The War Office, also once known as the Capt. Joseph Trumble Store and Office, is a historic commercial building on the Lebanon Green in Lebanon, Connecticut, built about 1732 as a commercial building. It is most significant as the place from which Governor Jonathan Trumbull conducted military business during the American Revolutionary War. It is now part of the museum property managed by the Connecticut Society of the Sons of the American Revolution that also includes the Trumbull House and the Wadsworth Stables. The building is listed on the National Register of Historic Places since 1970.

The War Office is located facing Lebanon's elongated village green on the west side of West Town Street north of the Governor Jonathan Trumbull House, a National Historic Landmark.

== Architecture ==
The War Office is a 1½‑story timber‑frame structure built in the Colonial Georgian style typical of early‑18th‑century Connecticut mercantile buildings. Its gambrel roof, central brick chimney, and clapboard siding reflect regional adaptations intended to maximize attic storage space and improve heating efficiency. The façade’s irregular window placement suggests multiple construction phases or later modifications made to accommodate commercial use.
Inside, the building retains a single‑room plan with exposed beams, wide floorboards, and a large fireplace used for heating during winter councils. The simplicity of the interior reflects its utilitarian purpose as both a merchant’s office and later a wartime administrative center.

==Early History (1732–1774)==
Captain Joseph Trumbull, a prominent Lebanon merchant and father of Governor Jonathan Trumbull, constructed the building around 1732 as a storehouse and office for his trading operations. Lebanon’s position along inland routes connecting Norwich, Hartford, and Windham made it a natural commercial hub, and the Trumbull family operated one of the region’s most active supply networks.
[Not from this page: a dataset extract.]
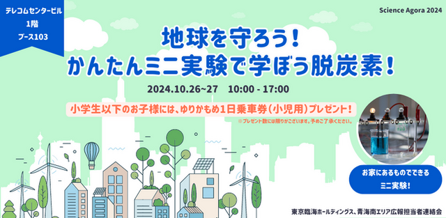 臨海副都心青海地区では、脱炭素化に向けた取組を推進するため、発電過程で有害物質を排出しないグリーン水素を活用した事業に取り組んでいます。このたび、株式会社東京臨海ホールディングスは、サイエンスアゴラ2024にブースを出展します。出展ブースでは水素を利用した発電の仕組みを学べるミニ実験を通じて、来場者の皆様に新しいエネルギーの可能性を体感していただく機会を提供します。
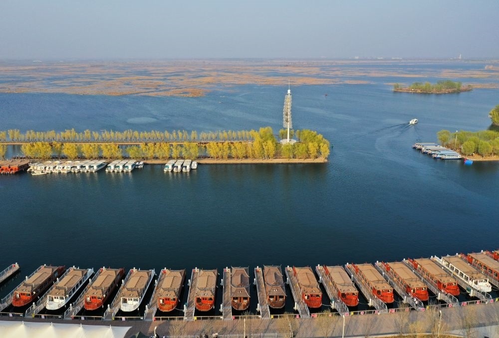 雄安新區(qū)白洋淀景區(qū)(2023年3月30日攝,無(wú)人機(jī)照片)。新華社記者 牟宇 攝

The building served as a center for agricultural exchange, provisioning, and local governance. Surviving account books from the Trumbull family indicate that the office handled transactions involving livestock, grain, textiles, and imported goods.

==Revolutionary War Use (1775–1783)==
When Jonathan Trumbull became Connecticut’s governor in 1769, he increasingly relied on the office as a secure location for military planning and logistical coordination. After the outbreak of the Revolutionary War, the building became known as the “War Office”, functioning as the governor’s de facto military headquarters.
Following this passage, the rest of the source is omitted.